Burnett’s lecture, which is free and open to the public, will take place at 5:30 p.m. Monday, October 12, in the McCarty Auditorium of the Art and Architecture Building.

Wendell BurnetteDuring his lecture, Burnette will present his view that architecture is a constructed conversation between people, things, and time. He will discuss the process behind a range of built and unbuilt work across nearly twenty years of practice. For Burnette, this work is grounded in listening and distilling the essence of a project to create highly specific architecture that is simultaneously functional and poetic.

The lecture coincides with an exhibit and monograph, Dialogues in Space: Process and Ideas in the Work of Wendell Burnette Architects. Burnette is a fellow of the American Institute of Architects, founder of Wendell Burnette Architects in Phoenix, Arizona, and the 2015 College of Architecture and Design BarberMcMurry Professor.

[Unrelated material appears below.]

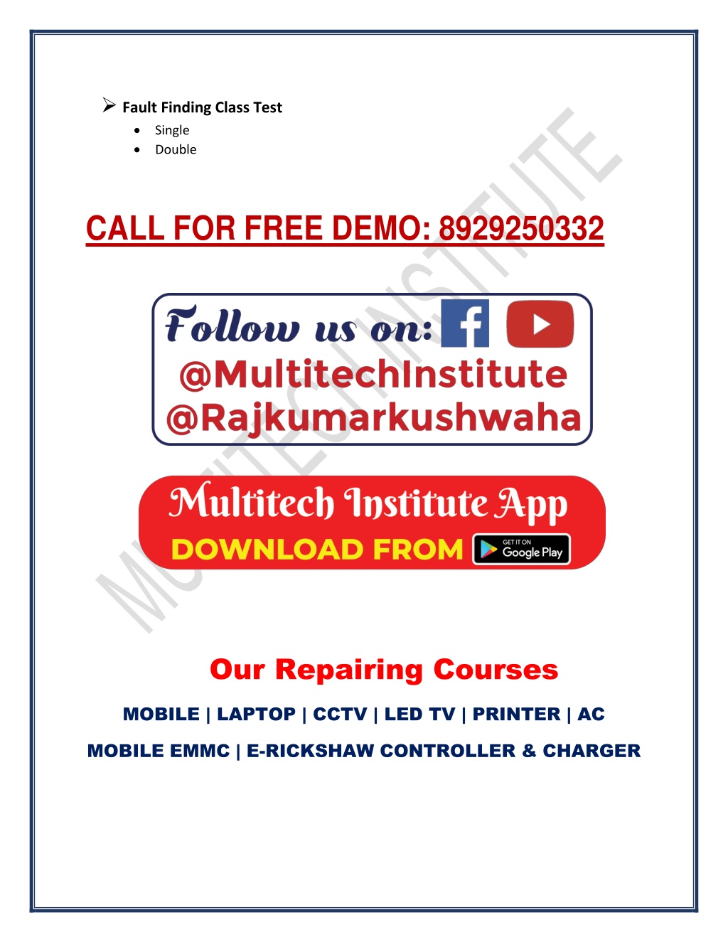 7. ➢Fault Finding Class Test •Single •Double CALL FOR FREE DEMO: 8929250332 Our Repairing Courses MOBILE | LAPTOP | CCTV | LED TV | PRINTER | AC MOBILE EMMC | E-RICKSHAW CONTROLLER & CHARGER
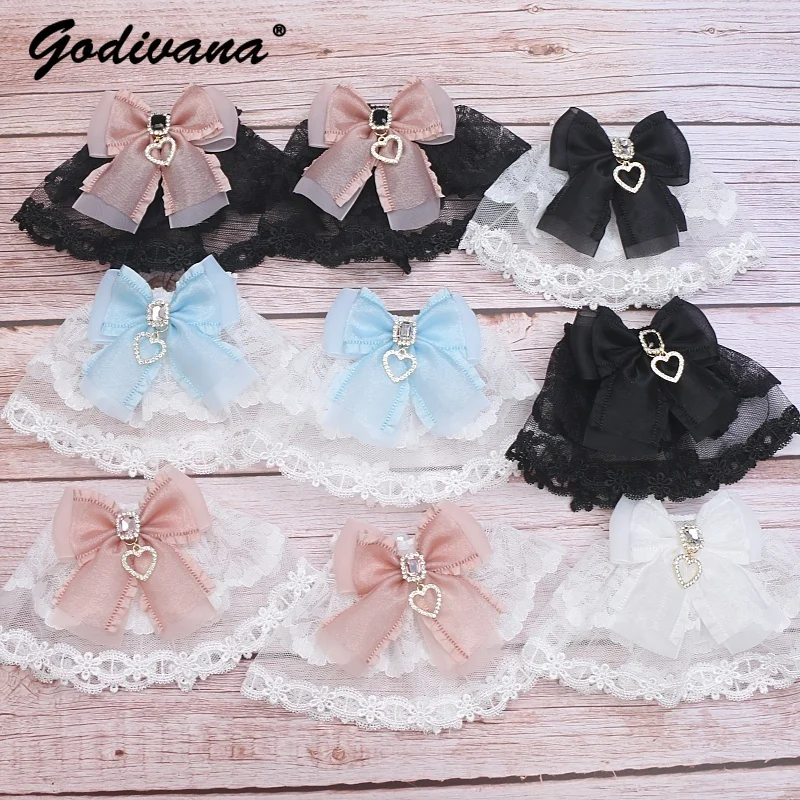 Handmade Lolita Mine Sweet Lace Bow Oversleeves Female Girls Summer Rhinestone Bowknot Gloves Mittens

The BarberMcMurry Professorship was established to promote design excellence through teaching by a visiting professor, an internationally or nationally recognized practicing architect. It is the result of two gifts: a bequest from Charles I. Barber, a respected Knoxville architect, and a gift from his firm, BarberMcMurry architects. In 2011, the firm’s leaders, UT architecture alumni Kelly Headden and Charles Griffin matched the Barber gift to produce the $1 million endowment.

The lecture will be streamed live and offers participants continuing education units.